We ended the session just before 8:00. Mary put Susan to bed. Because of the impending home-improvement project, band practice was cancelled for Saturday. Mrs. Kennedy and Kirsten left. Mike, Terry, and Danny hung around longer and were rewarded by being available hands when Mom and Dad returned with a van full of stuff. We all pitched in carrying it downstairs. When we were finished, Terry surveyed the pile. "We have a big job ahead of us tomorrow."
"Don't whine," Danny said. "We're getting a better practice space than someone's garage."
"Not complainin', just sayin'."
"The assholes around here would call the cops if we did try to use someone's garage," Mike said.
"Mrs. Pullik," Danny, Terry, Mary, and I all said simultaneously. That cracked everyone up. We didn't like Gertrude Pullik, the woman who lived across the street. For some unfathomable reason, Mom did like her.

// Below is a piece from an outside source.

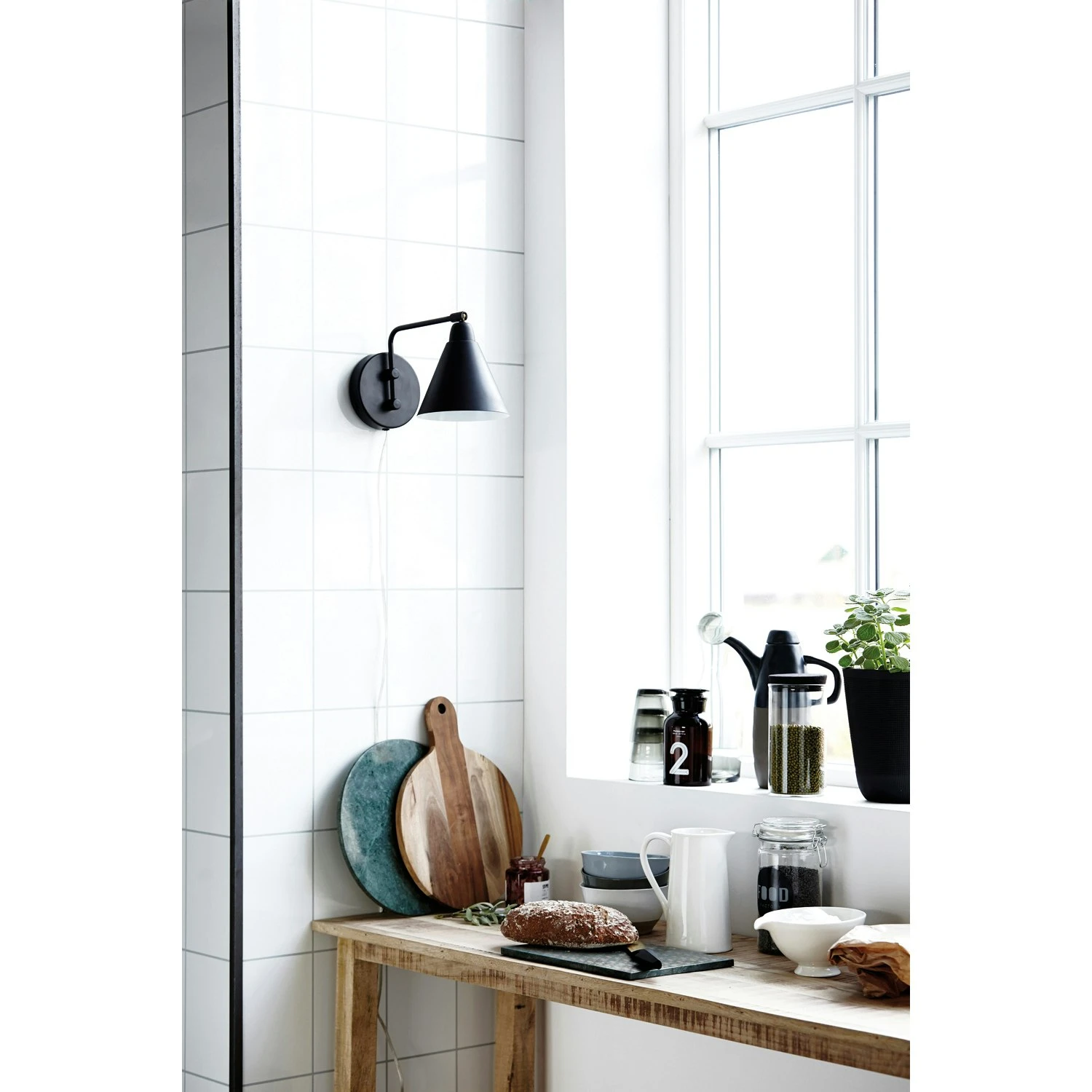 Game is a wall lamp from House Doctor with a classic, but still raw industrial look. The wall lamp fits perfectly in the bedroom. It is made of matt, black metal. The arm of the lamp is fully rotatable in both directions. The lampshade is white lacquered inside to make the light spread to the maximum. The power switch is on the cord. Dimensions from wall to lampshade are 31 cm, with extended lampshade the length is 41 cm. Cord length 2.5m.

About 9:00 pm, I finally got some time to be alone with the voices in my head. I was physically weary after a long day, but I hadn't used up the strength that I tapped while performing spells.
It's probably not necessary, Ursus said, but given our reinvigorated policy of not being idiots with magic, it would be an appropriate gesture to work within a double protective circle until we have our amulet recharged.
Yes, yes it would. I played my acoustic guitar, which was inscribed with manna attracting and controlling sigils, until we had collected all the manna we could hold. Arthur concentrated on keeping our "grip" on it. Ursus worked at putting us into a light trance. I, Bear, went upstairs slowly and quietly, so as not to attract attention, and slipped into my winter gear. I eased out the back door, which went into the garage, and then out the side door.
The house more-or-less faced north. I walked to the foot of the driveway and stood for a little while as Ursus deepened our trance. I dug my athame, a consecrated lock-blade with a mostly black handle, from my trouser pocket and opened it up. When everything felt ready, I inscribed the pentagram for air while intoning, "May the elemental power of air bless and protect this circle and those within and shield them from prying eyes."
I visualized a line of swirling leaves and ribbons flowing from the tip of the knife--the leaves and ribbons representing air, which was hard to visualize by itself. How does the wind feel on my skin? How does it smell? Hear the sound of someone blowing over the opening of a pop bottle. What does wind sound like as it rustles through leaves? As I drew the line of air, I fed it a trickle of manna while attempting to pace the release so that I didn't run out before the ritual was finished.
I tromped through the snow while circling east, moving with the direction of the sun. As I moved closer to the east, I visualized the line of air slowly turning into a line of earth. I remembered the sting of wind-driven sand on my face. How does sun-warmed soil feel when I pick it up? What does it smell like? What does it sound like when a garden trowel cuts into the earth?
The gate to the backyard hadn't been dug out, and it was well stuck. I had to climb over. I took a moment to repair my concentration and then resumed scribing the circle. When I was approximately to the east of the house I intoned as I drew the pentagram for earth, "May the elemental power of earth bless and protect this circle and those within and shield them from prying eyes."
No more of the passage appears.